Sanhuang Xiexin Decoction Ameliorates TNBC By Modulating JAK2-STAT3 and Lipid Metabolism.

Objective: To investigate the therapeutic effect of Sanhuang Xiexin Decoction (SXD) on triple-negative breast cancer (TNBC) in mice and its underlying mechanism.

Methods: The high-performance liquid chromatography (HPLC) was used to quantitate and qualify SXD. A total of 15 female BALB/c mice were inoculated subcutaneously on the right hypogastrium with 3×10 of 4T1-Luc cells to establish TNBC mouse model. All mice were divided randomly into 3 groups, including phosphate buffered solution (PBS), SXD and doxorubicin (DOX) groups (positive drug). Additionally, tumor growth, pathological changes, serum lipid profiles, expression of Janus kinase 2 (JAK2)-signal transducer and activator of transcription 3 (STAT3) signaling pathway and its key targets including inflammatory factors, cell cycle and epithelial-mesenchymal transition (EMT) markers were investigated. Besides, the biosafety of SXD was also evaluated in mice.

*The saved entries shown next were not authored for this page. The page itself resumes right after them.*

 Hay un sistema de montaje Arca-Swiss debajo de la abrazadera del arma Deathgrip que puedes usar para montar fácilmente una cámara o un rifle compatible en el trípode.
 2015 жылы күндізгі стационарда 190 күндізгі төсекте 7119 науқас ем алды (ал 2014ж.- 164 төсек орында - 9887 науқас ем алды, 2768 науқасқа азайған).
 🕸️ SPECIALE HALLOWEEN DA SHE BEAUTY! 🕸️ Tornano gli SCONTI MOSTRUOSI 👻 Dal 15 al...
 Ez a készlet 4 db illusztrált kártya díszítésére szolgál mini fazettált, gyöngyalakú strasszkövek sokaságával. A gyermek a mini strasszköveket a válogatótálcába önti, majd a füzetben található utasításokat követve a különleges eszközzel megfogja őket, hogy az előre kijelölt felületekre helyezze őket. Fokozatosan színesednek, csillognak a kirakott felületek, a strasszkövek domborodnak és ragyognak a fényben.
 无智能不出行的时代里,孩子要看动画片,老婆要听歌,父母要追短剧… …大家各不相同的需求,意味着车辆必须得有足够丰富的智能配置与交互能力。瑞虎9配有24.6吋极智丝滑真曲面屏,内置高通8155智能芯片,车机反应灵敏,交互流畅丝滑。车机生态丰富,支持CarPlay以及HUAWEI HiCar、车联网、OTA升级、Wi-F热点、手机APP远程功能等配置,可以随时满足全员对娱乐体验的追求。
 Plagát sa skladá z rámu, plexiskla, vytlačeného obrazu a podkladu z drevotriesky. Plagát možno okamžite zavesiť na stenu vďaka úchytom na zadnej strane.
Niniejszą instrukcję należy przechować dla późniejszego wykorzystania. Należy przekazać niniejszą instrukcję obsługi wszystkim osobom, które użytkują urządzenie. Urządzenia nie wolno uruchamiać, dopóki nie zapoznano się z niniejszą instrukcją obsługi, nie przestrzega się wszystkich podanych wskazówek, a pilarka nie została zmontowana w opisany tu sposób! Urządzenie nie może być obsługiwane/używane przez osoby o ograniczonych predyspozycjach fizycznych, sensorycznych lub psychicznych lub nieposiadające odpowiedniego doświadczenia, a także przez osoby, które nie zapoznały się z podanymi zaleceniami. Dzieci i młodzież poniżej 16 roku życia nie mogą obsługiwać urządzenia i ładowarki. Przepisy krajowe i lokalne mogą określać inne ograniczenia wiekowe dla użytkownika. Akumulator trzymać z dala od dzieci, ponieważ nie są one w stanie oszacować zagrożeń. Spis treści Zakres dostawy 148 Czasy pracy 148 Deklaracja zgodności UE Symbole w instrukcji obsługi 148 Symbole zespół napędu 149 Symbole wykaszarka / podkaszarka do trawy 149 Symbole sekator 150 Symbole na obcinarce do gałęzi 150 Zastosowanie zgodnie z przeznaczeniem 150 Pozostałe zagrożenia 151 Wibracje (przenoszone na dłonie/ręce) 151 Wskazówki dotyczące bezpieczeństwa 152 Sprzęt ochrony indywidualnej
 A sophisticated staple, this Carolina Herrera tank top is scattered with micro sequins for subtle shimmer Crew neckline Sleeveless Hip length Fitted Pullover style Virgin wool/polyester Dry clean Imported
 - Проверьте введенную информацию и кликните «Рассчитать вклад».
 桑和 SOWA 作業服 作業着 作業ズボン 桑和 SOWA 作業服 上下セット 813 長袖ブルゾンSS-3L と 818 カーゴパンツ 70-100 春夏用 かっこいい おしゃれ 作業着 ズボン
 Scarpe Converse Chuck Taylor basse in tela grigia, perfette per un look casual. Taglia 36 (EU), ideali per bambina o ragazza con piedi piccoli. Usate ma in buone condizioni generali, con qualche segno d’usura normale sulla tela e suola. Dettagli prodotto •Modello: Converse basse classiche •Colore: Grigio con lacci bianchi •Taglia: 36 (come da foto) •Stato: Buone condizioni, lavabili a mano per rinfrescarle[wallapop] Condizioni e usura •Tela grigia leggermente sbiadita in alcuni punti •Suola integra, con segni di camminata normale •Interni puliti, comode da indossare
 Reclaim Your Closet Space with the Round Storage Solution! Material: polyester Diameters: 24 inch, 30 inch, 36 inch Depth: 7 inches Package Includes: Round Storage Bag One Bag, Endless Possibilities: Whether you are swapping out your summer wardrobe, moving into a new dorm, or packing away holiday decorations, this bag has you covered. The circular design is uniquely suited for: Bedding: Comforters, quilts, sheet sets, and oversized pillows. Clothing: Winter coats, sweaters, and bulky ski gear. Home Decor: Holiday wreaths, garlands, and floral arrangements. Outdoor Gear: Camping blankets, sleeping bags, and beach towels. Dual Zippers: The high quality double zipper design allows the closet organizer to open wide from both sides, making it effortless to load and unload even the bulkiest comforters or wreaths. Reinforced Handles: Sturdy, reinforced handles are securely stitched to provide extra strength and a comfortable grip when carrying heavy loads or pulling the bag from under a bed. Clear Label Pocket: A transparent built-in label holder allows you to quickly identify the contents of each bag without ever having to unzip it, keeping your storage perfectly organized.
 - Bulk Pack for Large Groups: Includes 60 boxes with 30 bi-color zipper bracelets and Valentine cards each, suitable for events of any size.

Results: Rhein, coptisine, berberine hydrochloride and baicalin were all found in SXD, and the concentrations of these 4 components were 0.57, 2.61, 2.93, and 46.04 mg/g, respectively. The mouse experiment showed that SXD could notably suppress the development of tumors and reduce the density of tumor cells (P<0.01). The serum lipid analysis and Oil-Red-O staining both showed the differences, SXD group exhibited higher serum adiponectin and HDL-C levels with lower TC and LDL-C levels compared to the PBS and DOX groups (P<0.05 or P<0.01), respectively. SXD also decreased the levels of phospho-JAK2 (p-JAK2), phospho-STAT3 (p-STAT3) expressions and its downstream factors, including mostly inflammatory cytokine, EMT markers, S phase of tumor cells and vascular endothelial growth factor (VEGF) expression (P<0.05 or P<0.01), respectively. The biosafety assessment of SXD revealed low levels of toxicity in mice.

Conclusion: SXD could inhibit TNBC by suppressing JAK2-STAT3 phosphorylation which may be associated with modulation of lipid metabolism.